Extracted data entries:
>>>>>

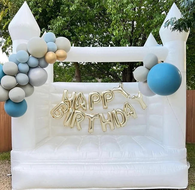 Elevated white Bounce Castle, perfect for weddings, parties, and corporate events!
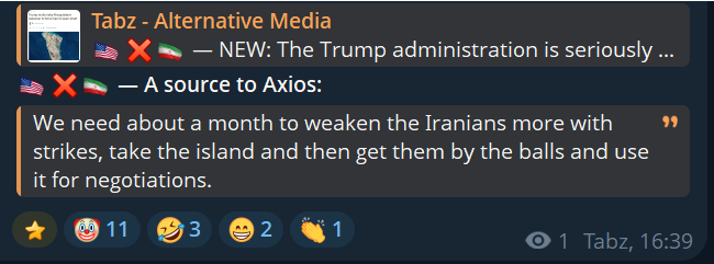 In the meantime, the USA is sending another Marine Expeditionary Unit to the Middle East.>As NBC News reports, citing sources, the 11th Marine Expeditionary Unit (MEU) of the US Marine Corps will depart from San Diego in the coming days.>It will consist of the amphibious assault ship USS Boxer, as well as the dock landing ships USS Comstock and USS Portland, carrying 2,200 Marines and their equipment. The aviation component includes F-35B fighter jets, AH-1Z Viper helicopters, UH-1Y Venom helicopters, and CH-53E Super Stallion helicopters, as well as MV-22B Osprey tiltrotor aircraft.>Together with the previously sent 31st MEU, the USA will have about 5,000 Marines and 4,000 sailors in the Middle East, along with several amphibious ships, support vessels, and aircraft. This is still not enough for a large-scale ground operation, but it is sufficient for a small-scale landing on Iranian coastal islands or actions to protect the Strait of Hormuz.Bay of Pigs 2.0?
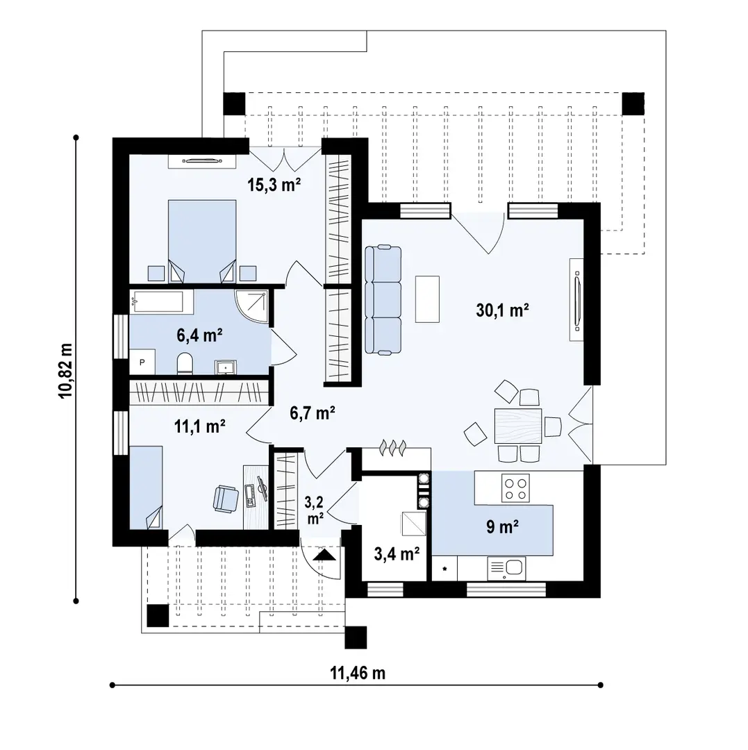 Sień – 3,2 m² Hol – 6,7 m² Kuchnia – 9,0 m² Salon + jadalnia – 30,1 m² Pokój – 11,1 m² Łazienka – 6,4 m² Pokój – 15,3 m² Pomieszczenie gospodarcze – 0,0 m² / 3,4 m²
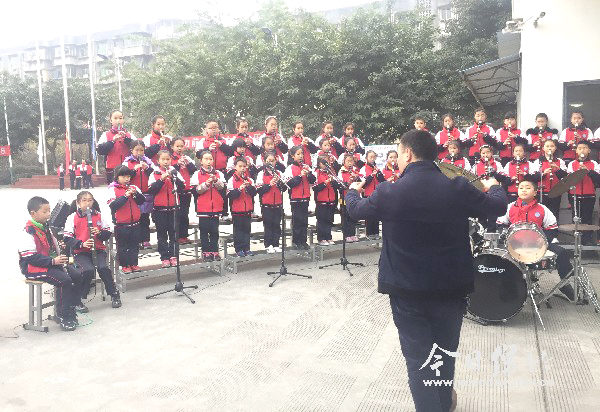 12月21日,我市天河小学举行了主题为“弘扬全员体育运动精神,发展健康生活核心素质”的第四届“小幼结合,同享快乐”全员运动会。图为学校迎宾队用竖笛演奏《运动员进行曲》。
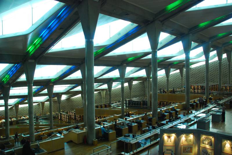 Budowa ruszyła w 1995 roku, a obok egipskich działały tu firmy brytyjskie, włoskie, amerykańskie, norweskie… Efekt tego, co powstało jest doprawdy imponujący. Już sam widok czytelni, w której zasiąść może jednocześnie 2000 osób przyprawia o zawrót głowy. Z komputerów, z dostępem do Internetu, może korzystać jednocześnie 600 osób. Czytelnia jest częścią Głównej Biblioteki, zajmującej powierzchnię 36.770 metrów kwadratowych powierzchni (cała biblioteka ma 85.405 metrów kwadratowych), której zbiory tarasami umieszczono na siedmiu poziomach – od „korzeni wiedzy” po „nowe technologie”. Na wszystkich tych poziomach znajduje się ponadto 200 niewielkich „study rooms’, w których podczas pracy można korzystać ze wszystkich dobrodziejstw współczesnej techniki.
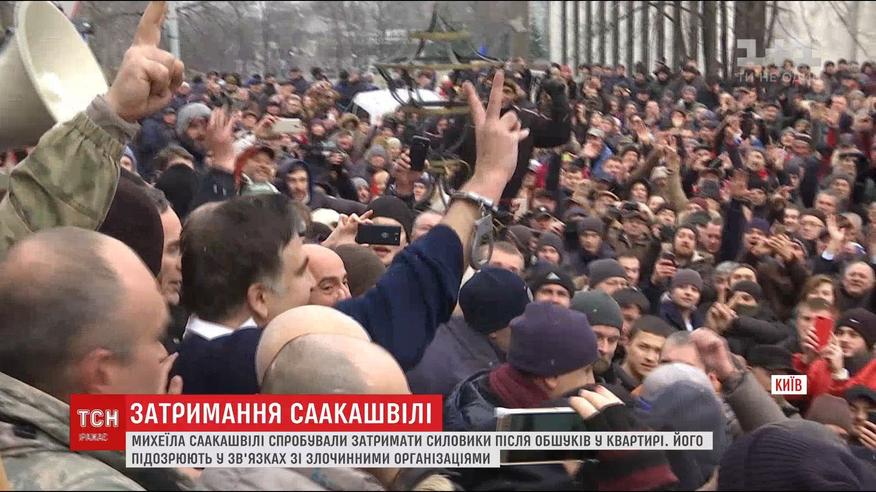 СБУ совместно с Генпрокуратурой в семь утра отправились с обыском в дом политика. Там же ему объявили подозрение в связях с преступными группировками и получения денег от окружения Януковича. Задержать же Саакашвили было не просто. Сначала он бежал на крышу. Когда силовики вернули грузинского экс-президента на землю и посадили в автобус, транспорт заблокировали сторонники политика.

<<<<<

EXERCISE DETAILS |
Word for word, quote the lines above. Omit the pictures.

OUTPUT |
 Elevated white Bounce Castle, perfect for weddings, parties, and corporate events!
 In the meantime, the USA is sending another Marine Expeditionary Unit to the Middle East.>As NBC News reports, citing sources, the 11th Marine Expeditionary Unit (MEU) of the US Marine Corps will depart from San Diego in the coming days.>It will consist of the amphibious assault ship USS Boxer, as well as the dock landing ships USS Comstock and USS Portland, carrying 2,200 Marines and their equipment. The aviation component includes F-35B fighter jets, AH-1Z Viper helicopters, UH-1Y Venom helicopters, and CH-53E Super Stallion helicopters, as well as MV-22B Osprey tiltrotor aircraft.>Together with the previously sent 31st MEU, the USA will have about 5,000 Marines and 4,000 sailors in the Middle East, along with several amphibious ships, support vessels, and aircraft. This is still not enough for a large-scale ground operation, but it is sufficient for a small-scale landing on Iranian coastal islands or actions to protect the Strait of Hormuz.Bay of Pigs 2.0?
 Sień – 3,2 m² Hol – 6,7 m² Kuchnia – 9,0 m² Salon + jadalnia – 30,1 m² Pokój – 11,1 m² Łazienka – 6,4 m² Pokój – 15,3 m² Pomieszczenie gospodarcze – 0,0 m² / 3,4 m²
 12月21日,我市天河小学举行了主题为“弘扬全员体育运动精神,发展健康生活核心素质”的第四届“小幼结合,同享快乐”全员运动会。图为学校迎宾队用竖笛演奏《运动员进行曲》。
 Budowa ruszyła w 1995 roku, a obok egipskich działały tu firmy brytyjskie, włoskie, amerykańskie, norweskie… Efekt tego, co powstało jest doprawdy imponujący. Już sam widok czytelni, w której zasiąść może jednocześnie 2000 osób przyprawia o zawrót głowy. Z komputerów, z dostępem do Internetu, może korzystać jednocześnie 600 osób. Czytelnia jest częścią Głównej Biblioteki, zajmującej powierzchnię 36.770 metrów kwadratowych powierzchni (cała biblioteka ma 85.405 metrów kwadratowych), której zbiory tarasami umieszczono na siedmiu poziomach – od „korzeni wiedzy” po „nowe technologie”. Na wszystkich tych poziomach znajduje się ponadto 200 niewielkich „study rooms’, w których podczas pracy można korzystać ze wszystkich dobrodziejstw współczesnej techniki.
 СБУ совместно с Генпрокуратурой в семь утра отправились с обыском в дом политика. Там же ему объявили подозрение в связях с преступными группировками и получения денег от окружения Януковича. Задержать же Саакашвили было не просто. Сначала он бежал на крышу. Когда силовики вернули грузинского экс-президента на землю и посадили в автобус, транспорт заблокировали сторонники политика.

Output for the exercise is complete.